When the market cannot provide – such as where the financial returns are not in line with the social returns – we often turn to public sector solutions. But that can bring new problems: government failures are different from market failures, but real nonetheless. Political time horizons can be short, leading to myopic decisions; budgets can be inflexible and siloed; performance management inadequate; and Treasuries and fiscal policies may constrain sensible investments. In developing countries, government failures can be compounded by the involvement of multiple aid agencies.
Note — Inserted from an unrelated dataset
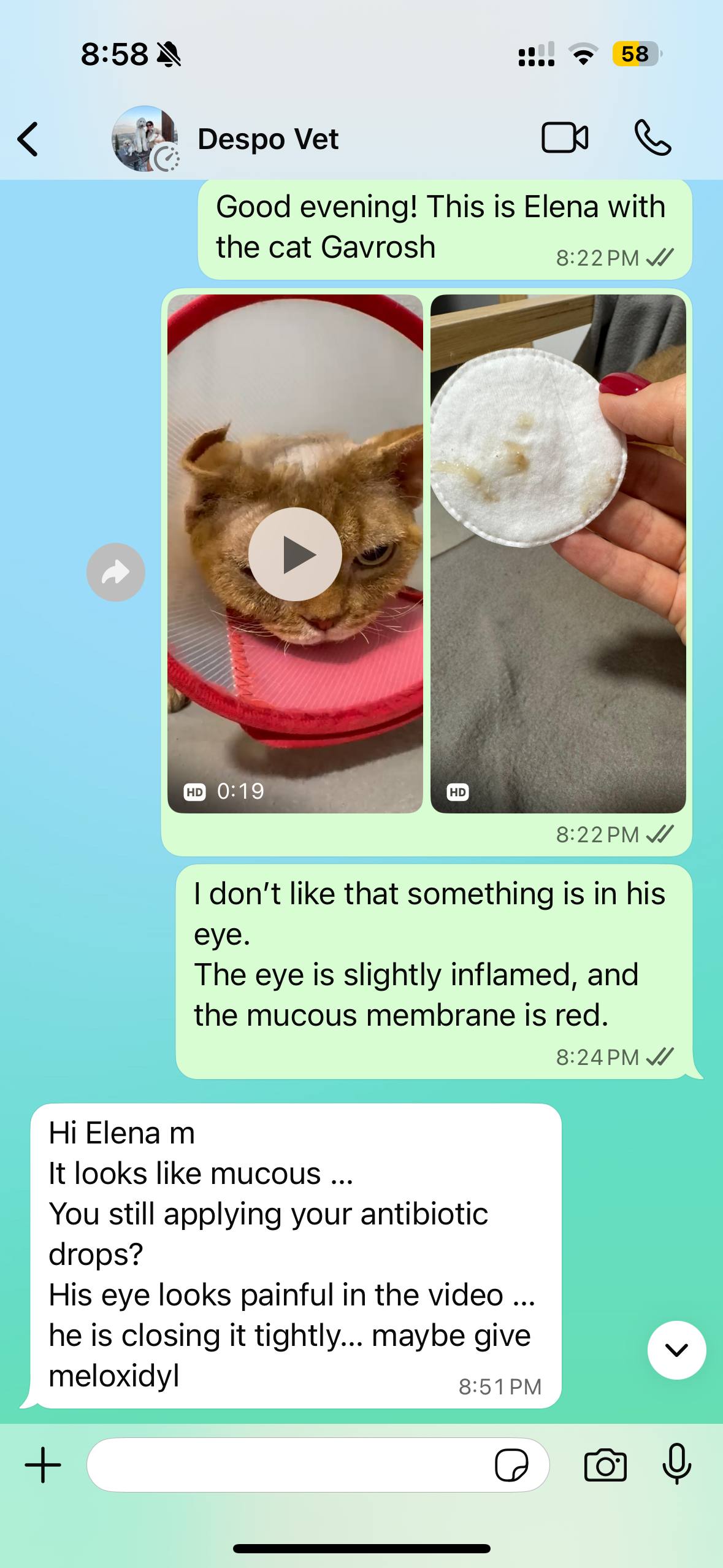 В итоге через друзей связалась с офтальмологом в РФ для онлайн консультации. Без огромной просьбы не один вет офтальмолог онлайн не возьмет консультировать.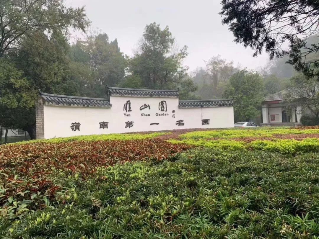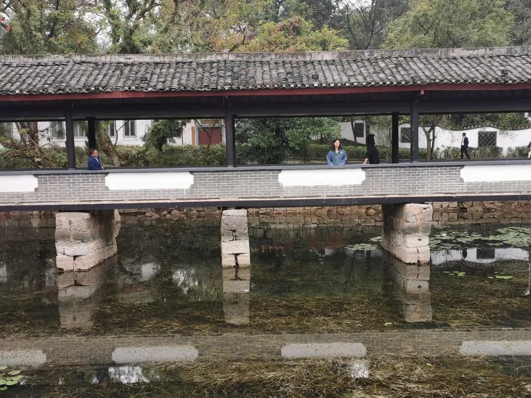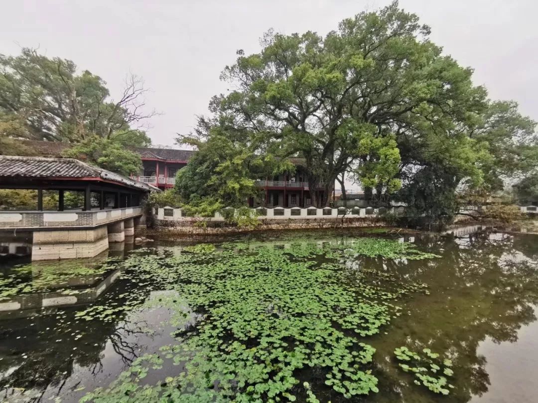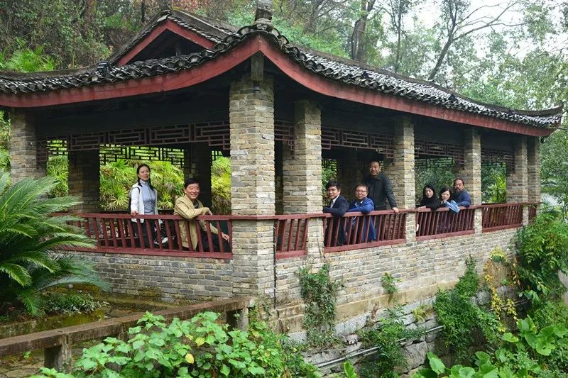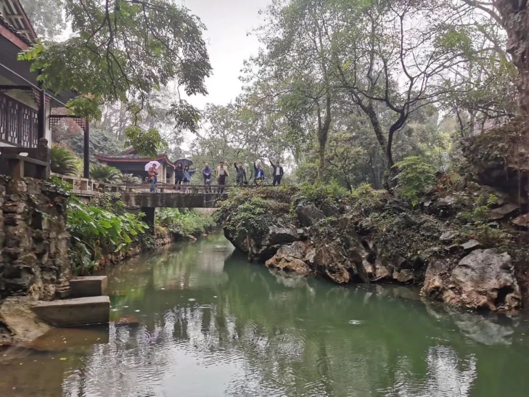 当然,要说最值得留念的还是要属雁山园了。雁山园,一园看尽桂林风景。晚清时期,广西桂林士绅唐岳的私人别墅,周恩来、胡适、孙中山、李四光、马君武等名人也曾在此地驻足停留。那日,我们一行人撑着伞伴着小雨走过一个又一个的回廊,穿过一座又一座的亭台楼阁,细细品味了一番园子的景致。郁郁葱葱的古树奇花,山水的毓秀,与园中环境自成一体,霎时觉得这里充满了灵气。方竹山有一处天然石洞叫相思洞,洞口石壁上有雕刻,刻有十二花神的画像,很是精美。曲径通幽,真是一步一风景,一景一陶然。我们在水榭中央做了停留,在此处的回廊稍作休息。四望,虽然天气不佳下着小雨,但是古树亭台的倒影,依旧清晰的在湖面上映出一幅幅美丽的画卷,真令人心旷神怡。园中还有一棵千年古樟树,枝繁叶茂,据说是棵神树。旁边是一个书院,有学生正在上课。不禁又感叹,人杰地灵的地方,这里的学生也好幸福呀!园子很大,有很多地方正在修缮,所有我们并没有完完全全走完整个园子。那会子,我还和霞姐开玩笑说,后宫佳丽三千住在这儿都还有多余的地方哩……

One promising answer to this set of problems is Social Impact Bonds. Under this scheme, private investors put money into key services, often delivered by non-profit organisations, to produce certain kinds of social benefits. Once reliable independent evidence shows that there has been an improvement leading to a social benefit, the government uses taxpayer money to give the investors their money back with a decent (roughly commercial) return. But if there is no proven social benefit, there is no payout by government. So investors take the risk that interventions don’t work, while being paid with interest for the ones that do. (Alert readers will notice that this is not really a ‘bond’ in the conventional sense.)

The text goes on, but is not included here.